– Все уверены, что я не смогу это сделать.
– О, Марья, конечно не сможешь! Даже прожив год с нами, ты все еще нежная и добрая! Немного необузданней, может быть, более склонна кусать и быть укушенной, красть и драться, но до чего же ты все еще теплая! Все еще готова делать, что тебе говорят. Не такой девушке ездить на ступе верхом. Нет в тебе этого. Давай я отвезу тебя к северной стене. Ты добудешь ее побрякушку и всех обдуришь.
Марья помотала головой:
– Да ей достаточно спросить ступу, и меня тут же разоблачат.
– Я же тебе говорил – у нее нет рта, чтобы предать тебя.
Марья глубоко задумалась. Она хотела бы, чтобы все было так легко. Чтобы ей помогли. Как приятно, когда тебе помогают. Но голос Мадам Лебедевой все еще звучал у нее в голове – время от времени, моя дорогая сестра, надо делать что-то самой.
– Задание – это не побрякушка, задание – это ступа, – вздохнула она наконец. – Отвези меня в башню, Волчья Ягода. И все на этом. Я должна сама найти способ.
Молча ехали они по Скороходной дороге, тянувшейся позади черной лентой с огромным медальоном луны, скользящим по ее середине.
– Волчья Ягода, можно тебя спросить напоследок?
Большой конь вздохнул:
– У тебя вопросов как овса в торбе, Марья.
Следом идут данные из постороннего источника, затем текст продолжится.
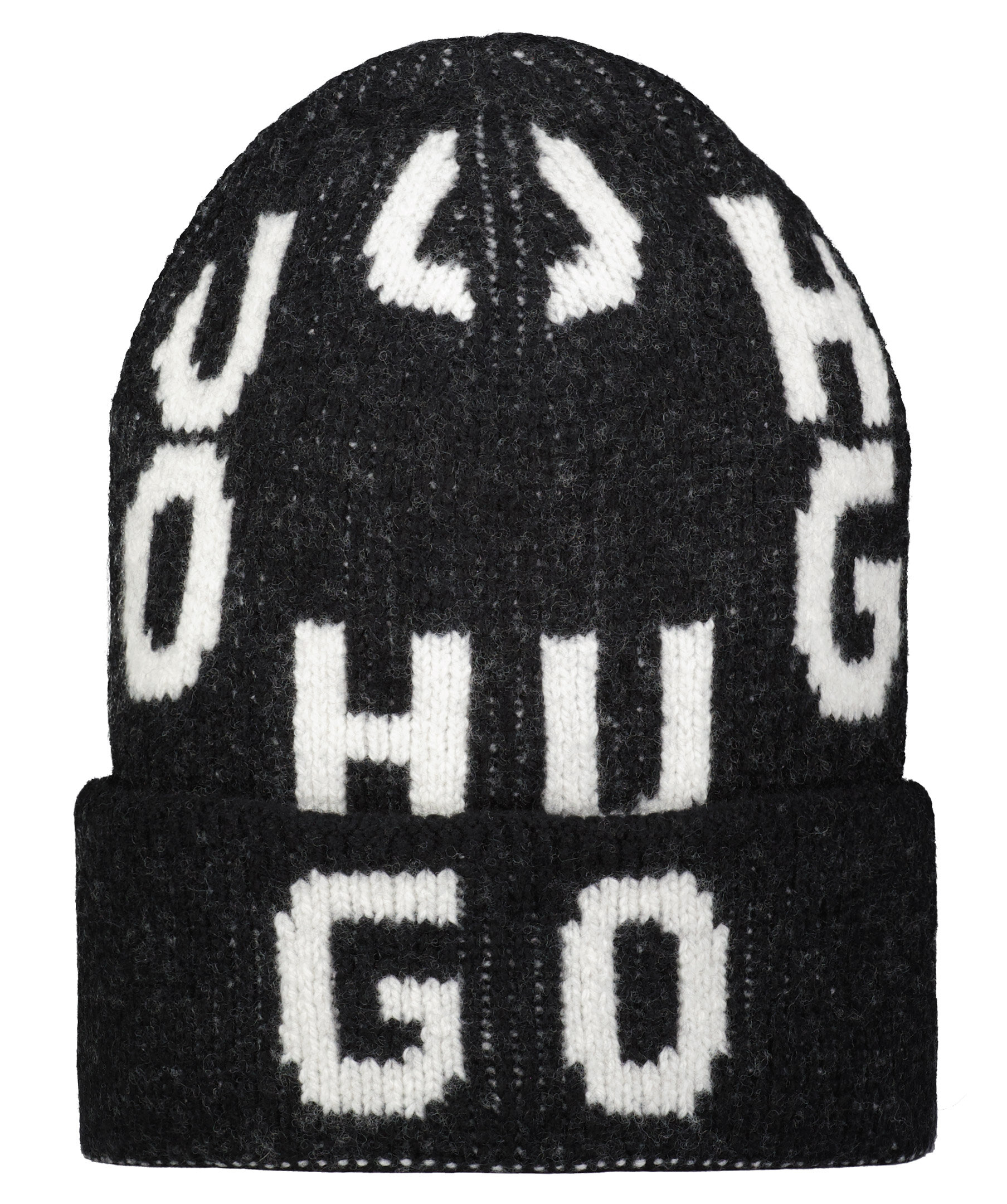 Svart oversizemössa med vita logotyper från HUGO. Tillverkad i ullblandning med bred uppvikt kant.
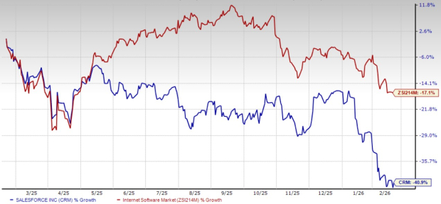 Shares of Salesforce have plunged 40.9% over the past year compared with the Zacks Computer – Software industry’s decline of 17.1%.

– Я говорила с домовыми, с лешим, с самим Змеем Горынычем, и все они считают себя преданными делу Партии, любят ее, словно мать. Они все время напоминают мне лозунги из моего детства, и глаза их при этом аж горят. И все же Кощей живет в своем большом дворце, а Лебедева копит свои ночные кремы и камеи и ценит свое происхождение. Маленькие люди бьются за то, чтобы с гордостью носить знаки отличия на груди, чтобы агитировать и крепить ряды, а большие люди живут, как всегда жили, как драконы, как цари. Как это может быть?
Волчья Ягода подумал:
– А в твоем мире разве не так?
– Думаю, что так, но это никому не нравится. Когда несправедливость выходит наружу, мы выходим на демонстрации и устраиваем гражданскую войну.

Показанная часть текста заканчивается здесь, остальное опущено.